Выбрать главу

Впервые слушал Бахтин редкий сюжет о пире у князя Владимира, по праву сторонушку от которого сидел Илья Муромец, а по леву — Дей Степанович. Затем последовал и вовсе неизвестный фольклористам вариант песни «Ай во славном было во городе». В ней Садко похваляется, говорит, что казна новгородская богаче казны князя московского.

Ай во славном было во городе, Во чудесном все было во ка… Ай ну во кабаке. Е-ай да что там пьет да Садко, пьяным напива… Ай напивается, Е-ай да, что да в своем-то глупом уме он выхваля… Ай выхваляется.
«Ай да что я продам-то, я да продам да Москву-то ее, вот(ы) снова да вы… Ай да выкуплю, Е-ай да что да пожаром спалю, ее снова вы… Ай снова выстрою.
Ай да что казна-то новгородская да Богаче-то казны князя моско… Ай да московского. Е-ай да что захочу-то я куплю себе да княги… Ай да княгинюшку, Е-ай да княгинюшку-то вот все я да замо… Ай да заморскую, Е-ай да и да на то я не спрошу только, скажем… согла… Ай да согласия Е-ай да князя-то, скажем, вот только да моско… Ай да московского».

Репертуар Каргальского оказался обширным, многое практически ушло из народного музыкального быта, в том числе песни о сыне Стеньки Разина, об адмирале Ушакове и Петре I. Увлекшись предложением Бахтина, Андрей Иванович поехал на родину, чтобы записать и ему неизвестное. Однако возвратился ни с чем.

— Собралась в хате родня, знакомые, — рассказывал после, — запел я старую казачью: «Разродимая моя сторонушка, да не увижу больше я тебя»… Никто не поддержал. Не знают. Запел «Молодость» — тоже не знают…

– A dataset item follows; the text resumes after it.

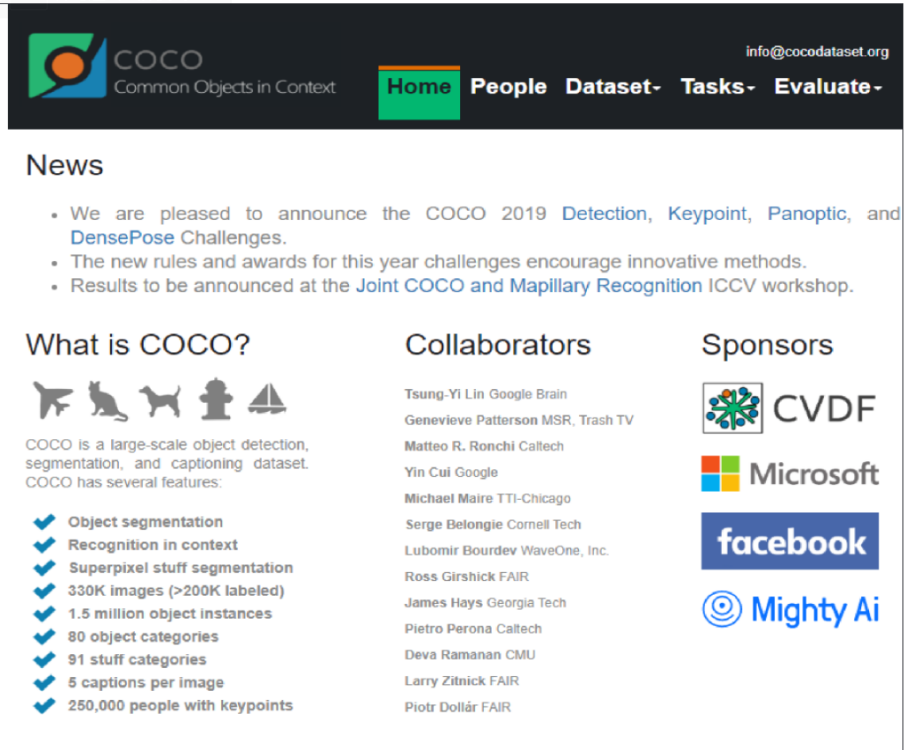 物体分割、对象分割、语义识别、超过330K张图像、80个分类类别、91个物体种类,每张图片提供5种描述,一共250,000个人体关键点标注

Вот так и возвращается к нам, казалось, забытое давным-давно. Возвращается благодаря собирателю, который жадно прислушивается к народному слову в автобусе и электричке, за праздничным столом, в городской квартире и деревенской избе. У гардеробщицы Лениздата Бахтин записал вариант старинного романса, а тетрадочку редкостных олонецких причитаний подарил ему актер Григорий Диомидович Душин. Тому она досталась от наследников одной умершей женщины. Читаешь и мороз по коже — языческая вера, когда человек ощущал природу как равную себе, обращался к усопшему как к живому. В поезде от железнодорожника услышал сказку о сметливом солдате. А что было бы, замечает писатель, если бы в Вознесенье не познакомился с Павлой Максимовной Коняевой, не заглянул бы в дом, не услышал бы ее слабенького голоска:

Не кукуй, моя кукушечка, Ой, не кукуй моя да рябая, Во сыром-то во лесочке, Да во сухом-то борочке…

Кто они, хранители народной культуры? Уже известная нам Мария Николаевна Тихонова — колхозница, в войну побывала в фашистском концлагере, Владимир Андреевич Горбунов — железнодорожник, глава семьи, где семь детей; Мария Ивановна Котова — фуражир на ферме, Петр Константинович Тимофеев — машинист городской водонасосной станции в Лодейном Поле. А за Трохой Любытинским, настоящим скоморохом, ремесло которого идет от древних гусельщиков, Бахтин «гонялся» на Псковщине три года. На праздниках да семейных торжествах Троха народ веселил.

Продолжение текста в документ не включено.